From 611e721a4de1a9f08c8c5a01f962f15081b17a9e Mon Sep 17 00:00:00 2001
From: JosJuice <josjuice@gmail.com>
Date: Sun, 15 Jan 2023 12:55:29 +0100
Subject: [PATCH] Jit64: Properly handle backpatching overflowed address
 calculations
MIME-Version: 1.0
Content-Type: text/plain; charset=UTF-8
Content-Transfer-Encoding: 8bit

Previously we would only backpatch overflowed address calculations
if the overflow was 0x1000 or less. Now we can handle the full 2 GiB
of overflow in both directions.

I'm also making equivalent changes to JitArm64's code.
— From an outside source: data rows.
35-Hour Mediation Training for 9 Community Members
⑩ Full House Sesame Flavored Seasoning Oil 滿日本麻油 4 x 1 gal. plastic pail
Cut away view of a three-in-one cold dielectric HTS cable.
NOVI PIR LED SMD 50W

This isn't because
it needs it – JitArm64 address calculations should never overflow – but
because I wanted to get rid of the 0x100001000 inherited from Jit64 that
makes even less sense for JitArm64 than for Jit64.
---
 Source/Core/Core/HW/Memmap.cpp                | 16 +++++++++---
 Source/Core/Core/HW/Memmap.h                  |  3 +++
 Source/Core/Core/PowerPC/Jit64/Jit.cpp        | 24 +++++++++++------
 Source/Core/Core/PowerPC/Jit64/Jit.h          |  2 +-
 Source/Core/Core/PowerPC/JitArm64/Jit.cpp     | 26 +++++++++++++++++--
 Source/Core/Core/PowerPC/JitArm64/Jit.h       |  2 +-
 .../PowerPC/JitArm64/JitArm64_BackPatch.cpp   | 18 +------------
 7 files changed, 58 insertions(+), 33 deletions(-)
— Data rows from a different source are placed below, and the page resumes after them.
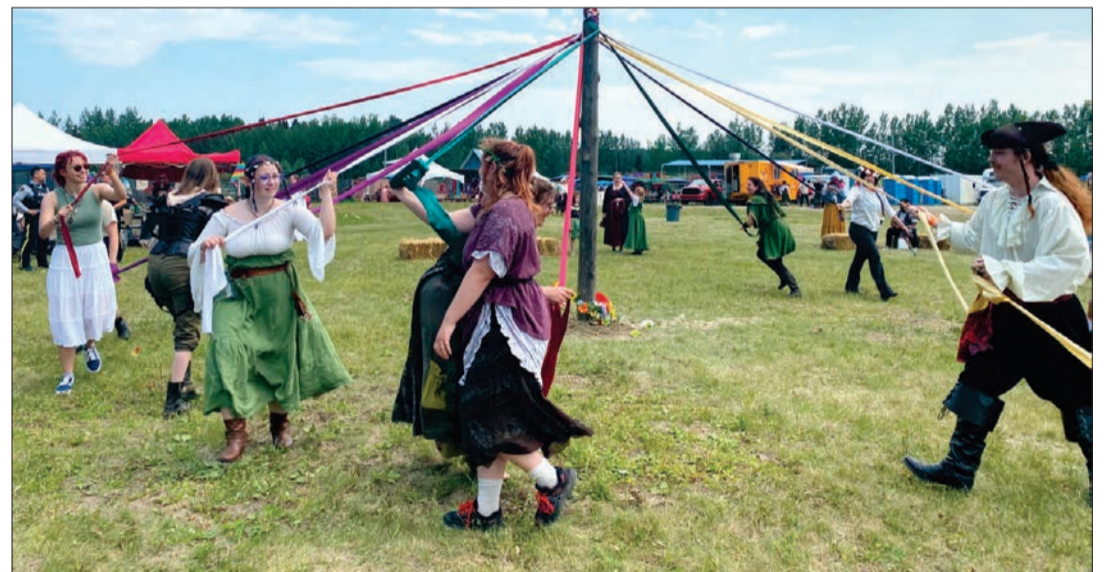
A dance around the maypole was one of the many special events at the Edson Renaissance Faire held at the Yellowhead Ag Grounds. photo submitted.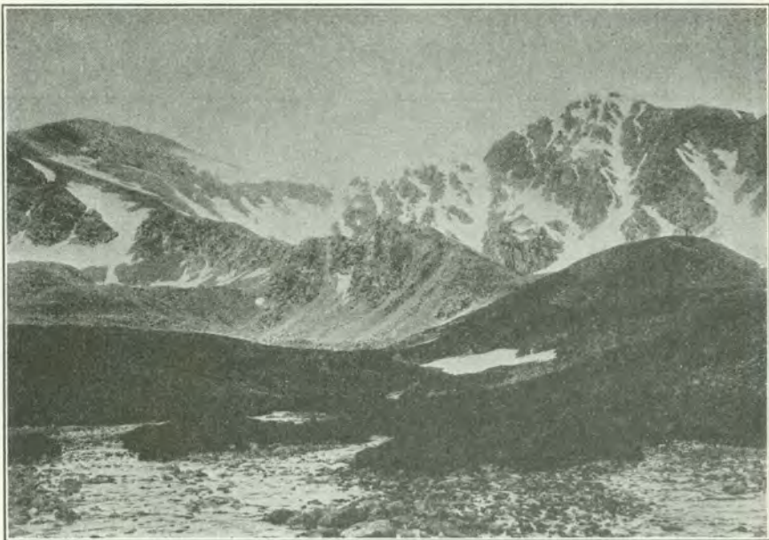
GRAY'S PEAK AND TORREY'S PEAK

'We, your friends, would say to you who now stand here upon the very central pinnacle of our widely extended country, as the inscription on the monument of Sir Christopher Wren, at St. Paul's says: Si monumentum requiris, circumspice . We bid you welcome to this magnificent peak. May you and your excellent wife, when you leave these wild and rugged scenes for your classic home in Cambridge, remember the pleasant social gathering we had on Gray's peak.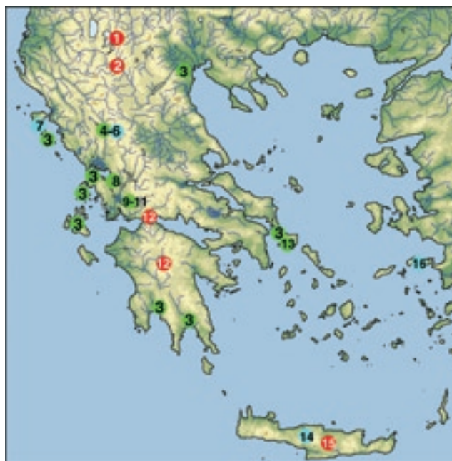
Figure 6 The distribution of the Bithyniidae in Greece. The genus are marked by coloured dots: red = Bithynia , green = Pseudobithynia , cyan = unknown genus. 1: Lake Prespa, B. prespensis , 2: Lake Kastorias, B. kastorias , 3: Lowlands of Greece, P. zogari , 4–6: Lake Pamvotis (Lake Ioannina, 4: P. westerlundii , 5: Bithynia graeca ; 6: P. hemmeni , 7: Corfu, P. renei , 8: Lake Ambrakia, P. ambrakis , 9–11: Lake Trichonis: 9: P. trichonis , 10: P. panetolis , 11: P. falniowskii , 12: B. hellenica , 13: P. euboensis , 14: Crete, Bithynia candiota . 15: Crete, B. cretensis , 16: Samos: P. gittenbergeri .

At the beginning of the research into the Bithyniidae of Greece only two Bithynia spp. were known from this region, now about 16 species are recognised which belong to two genus groups. In summary we can say that the distribution pattern of the Bithyniidae in Greece is not stochastic through passive dispersal, the main process that disperses freshwater mollusks into new lentic habitats outside drainage systems, is random. Despite this latter fact, the effective immigration rate resulted in a zoogeographical distribution pattern. We can split the Bithyniidae in Greece into three groups: (i) those that live endemically in ancient lakes, (ii) those that live endemically on islands, and (iii) those that are widely distributed in the lowlands of Greece (Fig. 6). The latter group seems to consist of only one Bithynia sp. and two Pseudobithynia spp. All the other fourteen

diff --git a/Source/Core/Core/HW/Memmap.cpp b/Source/Core/Core/HW/Memmap.cpp
index f17cfd12b1..4911e44896 100644
--- a/Source/Core/Core/HW/Memmap.cpp
+++ b/Source/Core/Core/HW/Memmap.cpp
@@ -157,6 +157,11 @@ void MemoryManager::Init()
   m_is_initialized = true;
 }
 
+bool MemoryManager::IsAddressInFastmemArea(const u8* address) const
+{
+  return address >= m_fastmem_arena && address < m_fastmem_arena + m_fastmem_arena_size;
+}
+
 bool MemoryManager::InitFastmemArena()
 {
   // Here we set up memory mappings for fastmem. The basic idea of fastmem is that we reserve 4 GiB
@@ -194,15 +199,15 @@ bool MemoryManager::InitFastmemArena()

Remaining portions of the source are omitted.